Sometimes we also just have to accept the fact that experiencing those unpleasantries first hand is the best way to learn.  Not that we ever wish ill will on our kids, but instructing them to ride their bike carefully won't resonate as much as that time they are trying to ride without hands and face plant into the pavement, as happened to us earlier this week.  I've commented before on how an aptly timed fall from a playground structure can hasten an overdue exit from the playground.  It can hopefully also better demonstrate the fact that climbing up the outside of a covered slide maybe isn't the smartest decision.  After getting the tips of her fingers burned a couple of times, our oldest realized that she could use a tongs to safely remove a piece of toast from the toaster, thus making her able to procure breakfast and her younger siblings and allowing me to get a few extra minutes of sleep in the morning.

It is inevitable that our kids will have bumps and bruises and cuts and maybe even broken bones.  This certainly doesn't mean that we shouldn't adhere to some basic safety guidelines; wearing a helmet when biking, always wearing a seatbelt, lifejackets in a boat, not playing football, etc.  And as parents, we have to consider that if we are expecting our kids to follow certain safety requirements, we should lead by example.  Think you're too cool for your bike helmet, think again.  Your kid will likely take your instructions more easily if you are following them too.  

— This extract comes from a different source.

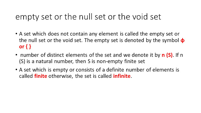 A set which does not contain any element is called the empty set or the null set or the void set. The empty set is denoted by the symbol Ο or { }
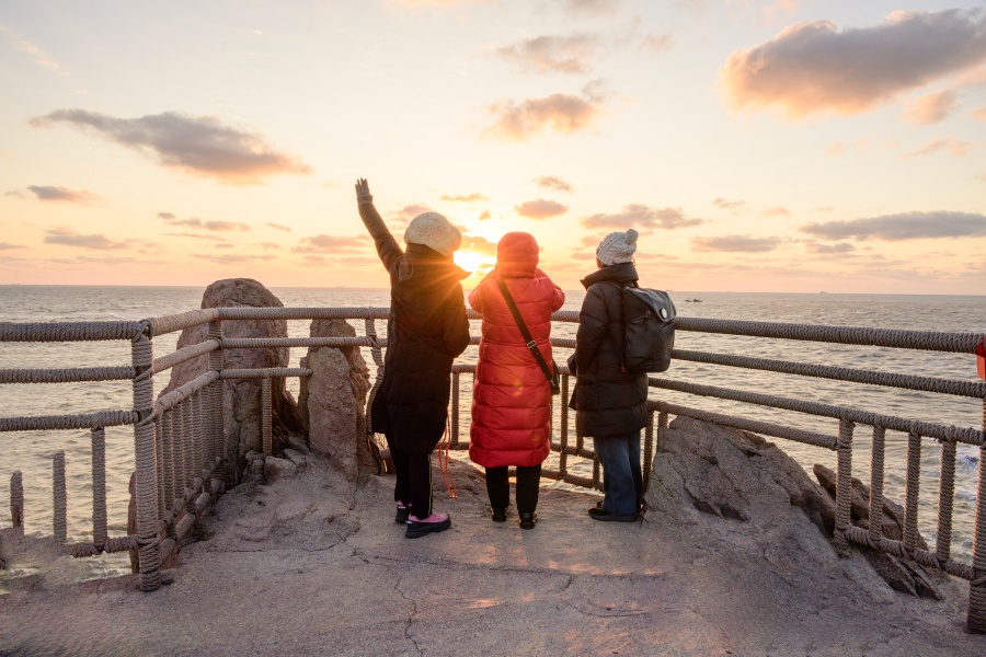 成山头日出的壮阔,构成了本次文旅活动的最大亮点。成山头作为中国大陆海岸最早看见日出的地方,素有“中国好望角”之称,秦皇汉武曾在此祭天拜日,为这片海增添了厚重底蕴。几位摄影爱好者凌晨六点便顶着寒风守候,指尖冻僵也未懈怠。当橘红色朝阳冲破晨雾跃出海面,金色光芒铺满天地,古稀之年的我们情不自禁欢呼跳跃,那一刻,唯有对天地壮阔的敬畏与内心的澄澈留存心间。

We also have to recognize that kids build confidence by taking risks and doing things they might be afraid of, or we might be afraid of letting them do.  We might not always be able to catch them if/when they fall, but hopefully they eventually won't fall anymore.  This doesn't mean that we won't worry about them, and likely overreact a little bit when bumps and bruises come their way.  But we can't keep our kids away from all of the perils of the world, nor can we discern when a jump from an elevated surface that has been landed hundreds of times before ends with a broken leg.  Bobby McFerrin's is absolutely right that in every life we will have some trouble, and your kids will have their fair share too, which will presumably become your own trouble.  His advice to "don't worry and be happy" may not always be reasonable, but try not to get too bent out of shape when it happens.   Lift them up and show them love when they need it, and hopefully everyone will stay moderately safe and sound.

You never know when dinner might get out of control.


True, you may not be able to bubble wrap your kids.
But you can bubble wrap their drumsticks to try and prevent premature hearing loss.
(for them and you)


^A place the directions on the cart specifically indicate you are not supposed to put children.